GPU users should install a CUDA-matched torch build (see the note in requirements.txt); the code also runs on CPU, which is the default for inference.


🚀 Running

scripts/train.py trains one (seed, fold) model and evaluates it on the held-out test basins. Run from the repository root with PYTHONPATH set so libs/ is importable:

PYTHONPATH=. python scripts/train.py \
    --basin_list /path/to/basin_list.txt \
    --config     configs/config_base.py \
    --fold_id    0 \
    --seed       100 \
    --save_dir   results/ \
    --device     cuda:0       # or cpu

Inference then reuses the saved checkpoint:

# Basin time series  → results/results_fold{fold}_seed{seed}.pickle
PYTHONPATH=. python scripts/inference_basin.py \
    --model_dir results/ --fold 0 --seed 100 \
    --config configs/config_base.py --basin_list /path/to/basin_list.txt --device cpu

# Spatial grid       → NetCDF per year under the output dir
PYTHONPATH=. python scripts/inference_grid.py \
    --model_dir results/ --fold 0 --seed 100 \
    --config configs/config_base.py --output_dir results/grid/ --device cpu

Training and inference are run per (seed, fold); loop over --seed and --fold_id to produce a full ensemble (e.g. 5 seeds × 5 folds).


⚙️ Configuration

All settings live in configs/config_base.py, which is the authoritative, commented source — the excerpt below is for orientation only.
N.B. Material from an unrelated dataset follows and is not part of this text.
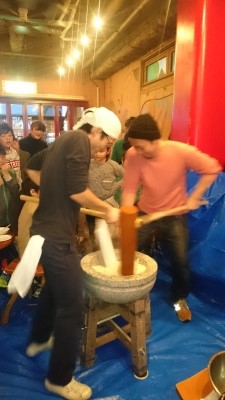 餅つき 食いしん坊Jr. 2017年01月16日 先日、いつも通っている飲み屋のイベントで、小学生以来の餅つきをしました。 ちゃんと臼と杵もあり本格的です。実際について作ったお餅はとても柔らかく。トッピングには、珍しい醤油や、ずんだ、とろろ昆布、オストアンデルというたい焼き屋さんからもらった餡子を使うなど、かなりのこだわりがあって、とてもおいしかったです!来年もやりたいなと思いました。souhei PR

Create a new experiment by inheriting and overriding:

# configs/config_myexperiment.py
from config_base import *

DATA_DIR   = "/path/to/my/data"
ATTR_PATHS = ["/path/to/my/attributes.csv"]
SPATIAL_CV_SEED = 7

Only override what differs — everything else inherits from config_base.py.

Key settings

# Column mappings  (logical name → CSV column name)
DRIVER_COLS_MAP = {
    "P":      "total_precipitation_sum",
    "T":      "temperature_2m_mean",
    "RAD_SW": "surface_net_solar_radiation_mean",
    "RAD_LW": "surface_net_thermal_radiation_mean",
    "LAI":    "lai_GIMMS_filled",
}
TARGET_COLS_MAP = {
    "q":    "streamflow",
    "et":   "fluxcom_E",
    "swe":  "snow_depth_water_equivalent_mean",
    "twsa": "grace_TWSA",   # monthly
}

# Attribute groups → NN inputs as {col}_normed; passthrough kept as raw {col}
VEG_ATTRS     = ["cover_forest", "cover_shrub", "cover_grass",
                 "cover_crop", "cover_others", "lai_avg"]
TERRAIN_ATTRS = ["slp_dg_sav", "ele_mt_sav", "new_cly_pc",
                 "new_snd_pc", "snw_pc_syr", "ari_ix_sav"]
ATTR_NN_COLS          = VEG_ATTRS + TERRAIN_ATTRS
ATTR_PASSTHROUGH_COLS = ["lai_avg", "lai_max", "lai_min", "ele_mt_sav"]
# Note: "ele" columns are sqrt-transformed before normalization.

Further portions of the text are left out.